_Task instructions_
Below this line are records; transcribe exactly the lines between the one holding "For the Inaugural" and the one holding "AV281 ► Sidecar", inclusive, and omit the pictures.

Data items
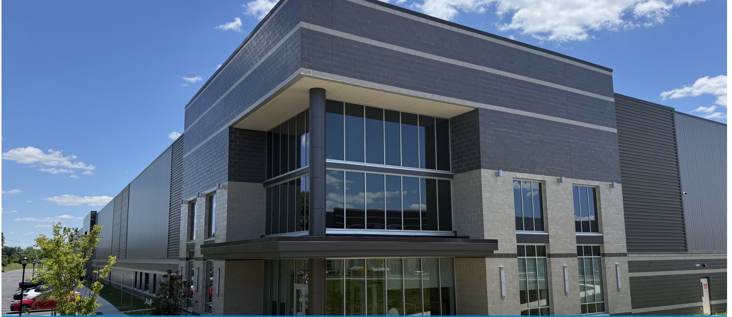
Reference image of an existing industrial building recently developed by the landlord, reflecting similar architectural features to the proposed design.
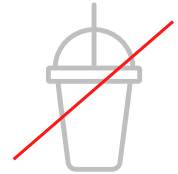
NO Drink Cups
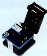
Optical fiber cleaver 光纤割刀
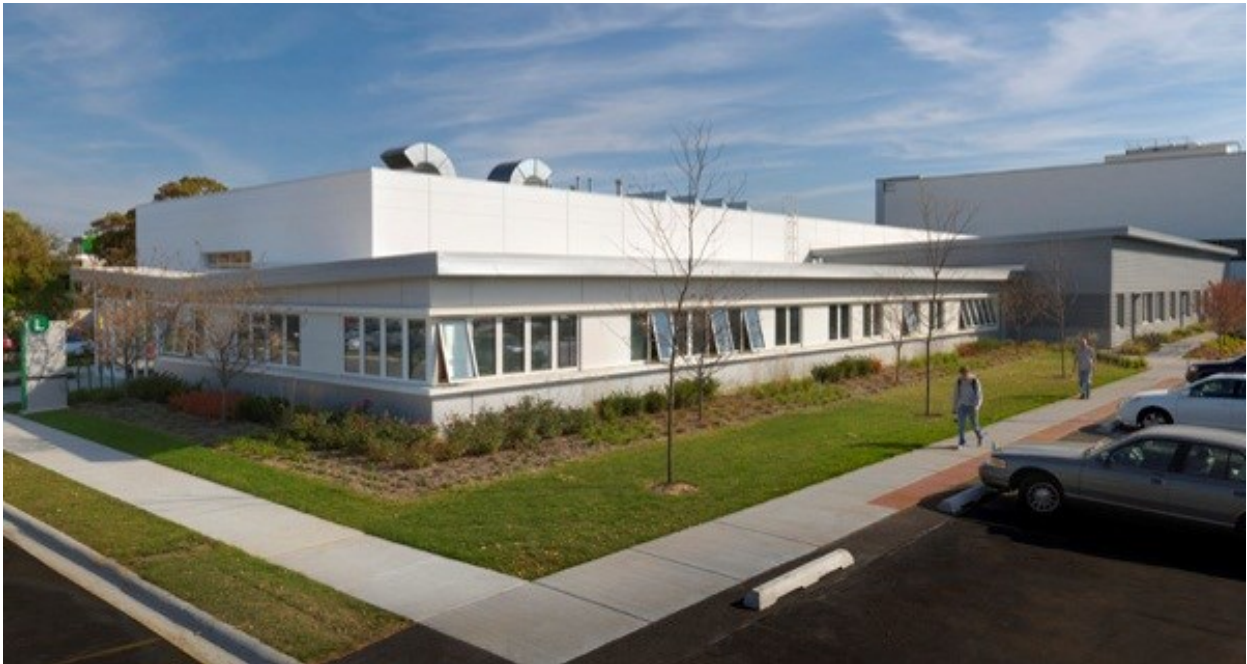
Northwest corner of Facilities Services Building
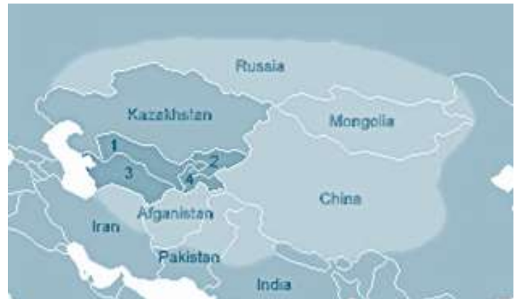
Figure 1: Map of Central Asia
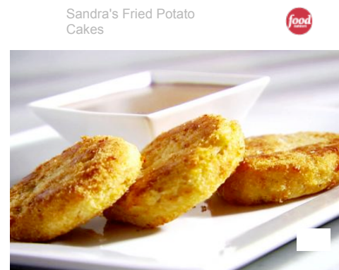
Sandra's Fried Potato Cakes
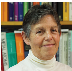
Prof. Odile Eisenstein France

In recognition of your significant contributions to modern mathematical statistics, in particular the field of optimal algorithms for statistical estimation in the presence of noise and efficient techniques for sparse representation and recovery in large data sets; and in gratitude for your friendship and cooperation with Technion and its faculty.
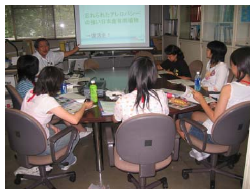
Photo 4 Lecture on the application of allelopathy
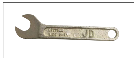
Model JD Wrench
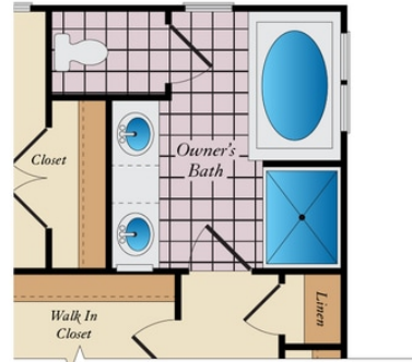
OPT. SUPER BATH
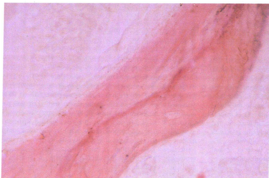
Figure 2. (bottom) Microscopic appearance of a bone biopsy from a group 2 dog after vitamin D repletion and continued aluminum administration. A previously unstained 5- \mu m section, reacted with a histochemical stain, has evident red-stained aluminum in a cement line. The presence of aluminum in the cement line indicates that mineralization had occurred at an osteoid-bone interface where aluminum had been previously deposited.
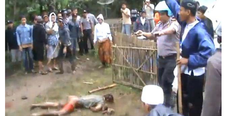
Police is standing between the angry mob who killed three Ahmadiyah followers without having protected the victims

impartiality and undermine minority rights. The AHRC published a statement concerning this case which can be found here: http://www.human rights.asia/news/ah rc-news/AHRC-STM-106-2011
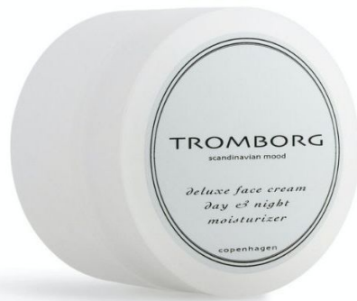
Deluxe Face Cream Day & Night Moisturiser Tromborg
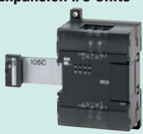
CP1W-8ED DC inputs: 8
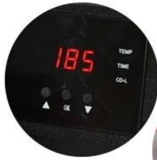
High End Gy-04 Digital Controller
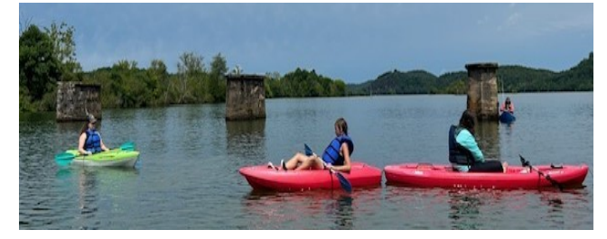
Summer Camp! Watch our promo video at https://youtu.be/4YqKzos21IY
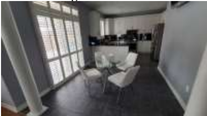
Pic. 25: Eating area
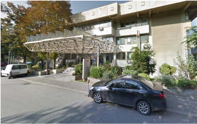
Fig. 1 Photo of IECE

The 3 rd Workshop “Developing and implementing joint research projects and field trip to associated partners” will be held at two venues. The activities of day 1 are planned at Institute for Research in Environment, Civil Engineering and Energy (IECE) premises, while the rest of the activities will be organized at Faculty of Civil Engineering (FCE).
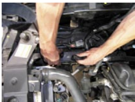
42. Reconnect (5) connectors through air inlet hole. This will open up the smaller hole in the fender, allowing installation of boost inlet tube.
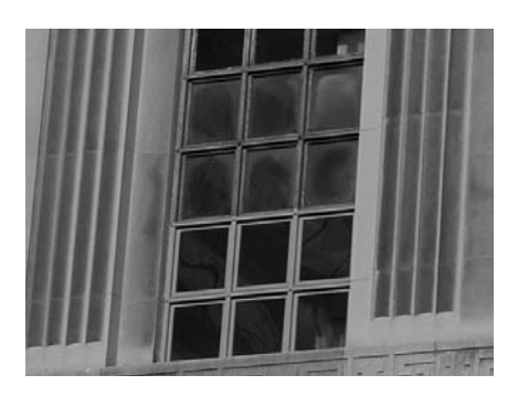
FIGURE 11 Exterior before (top two rows) and after (bottom two rows) views showing original windows and blast resistant replicas illustrates minor muntinwidening needed to secure the thicker laminated glass of the new blast window.

The slender profiles of some muntins cannot be replicated when blast or inulated glass windows are required. Energy and blast glazing composites are often thicker than single pane glazing, requiring larger muntins and stops to hold the thicker assembly in place. True-divided light (TDL) windows have, in the past, been generally preferred for replicating historic multi-paned windows, but simulated divided light (SDL) sash when properly crafted can produce a convincing effect. SDL use spacers between the panes of the insulated unit, aligned with three-dimensional muntin-grids on the interior and exterior glass surfaces. Keeping the surface grid permanently tight to the surface is critical for effective simulation and can be difficult on very large pieces of glass. SDL offer greater flexibility for matching historic muntin profiles, allowing even narrow muntins to be replicated with insulated units. When replicating any divided light window, specify that replacement windows must match the depth, width and profile of the original window muntins. The addition of insulated glass without the use of a deeper sash will, however, necessitate some compromise in the depth of profiles, and such compromises should generally be made at the interior face.
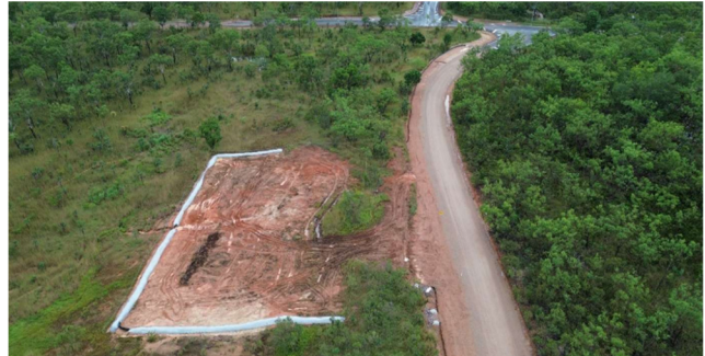
Clearing of front gate office facilities area
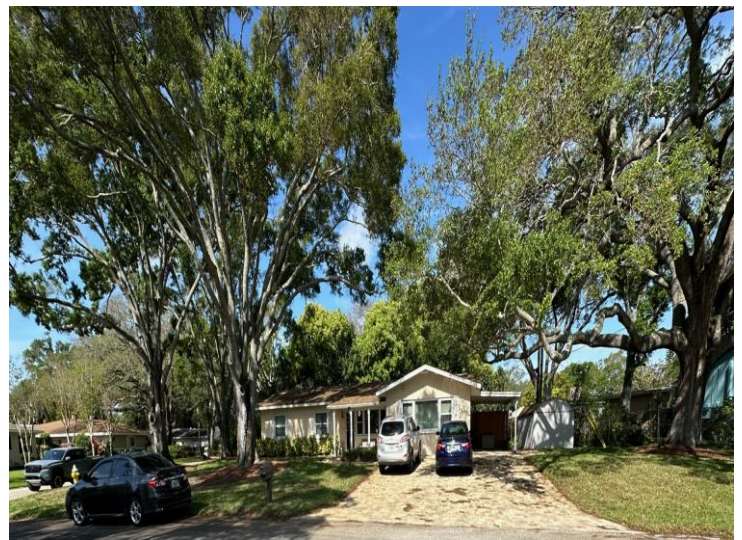
Across the street, to the west of the subject property
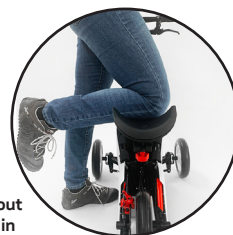
Ergonomic pad with Cutout for „turning on the spot“ in narrow spaces
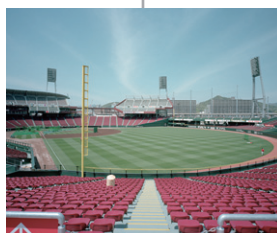
Completion of MAZDA Zoom-Zoom Stadium Hiroshima (2009)
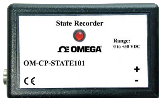
OM-CP-STATE101, $99 and OM-CP-STATE110, $199, data loggers shown smaller than actual size
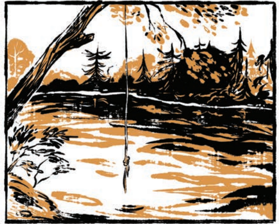
THE ROPE SWING
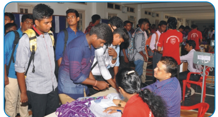
NSS Volunteers guiding First Year UG students in the Inaugural Function

For the Inaugural Function for First Year UG Students, the NSS unit guided the freshers and their parents in the Auditorium. The volunteers also distributed the snacks and beverages to the Guests.
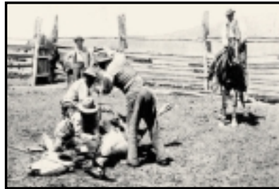
Branding time at the Elk Ranch, 1930.
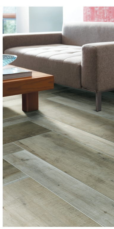
AV281 ► Sidecar 6 x 36 UPS AV282 ► Zoot Suit 12 x 36 UPS

Regular cleaning is the best way to keep SpeakEasy tile looking good for years to come. Use clean, hot water (combined with a household cleaner for more aggressive cleaning). Rinse thoroughly and dry with a soft cloth. No waxes are needed. More information regarding the care and maintenance of Crossville® products is available at CrossvilleInc.com.
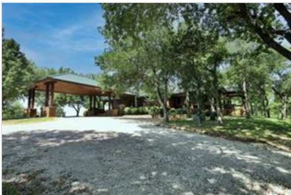
FRONT OF HOME...Extra Photo
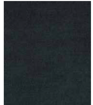
Westford - Indigo
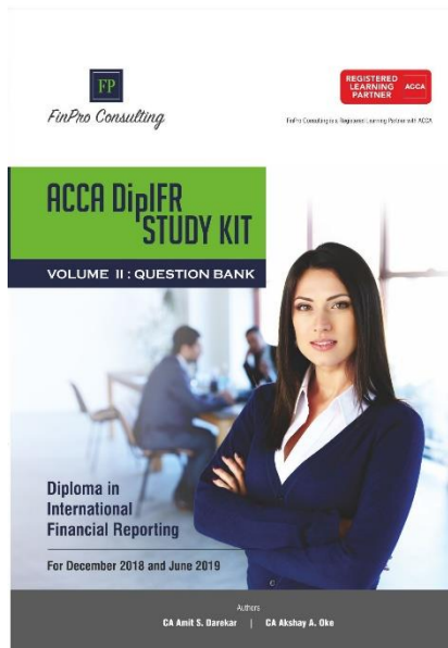
Volume II – Question Bank
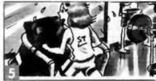
5 rarely / go to the gym
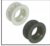
Pulley Shapes :
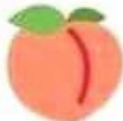
la pêche peach
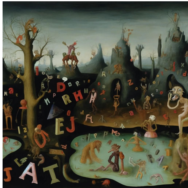
Prompt: cacophony of words, Hieronymus Bosch style
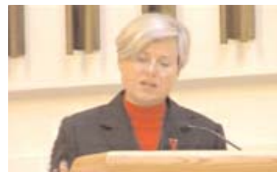
Eveline Herfkens, Netherlands Minister for Development Cooperation

_Answer to the problem_
For the Inaugural Function for First Year UG Students, the NSS unit guided the freshers and their parents in the Auditorium. The volunteers also distributed the snacks and beverages to the Guests.
Branding time at the Elk Ranch, 1930.
AV281 ► Sidecar 6 x 36 UPS AV282 ► Zoot Suit 12 x 36 UPS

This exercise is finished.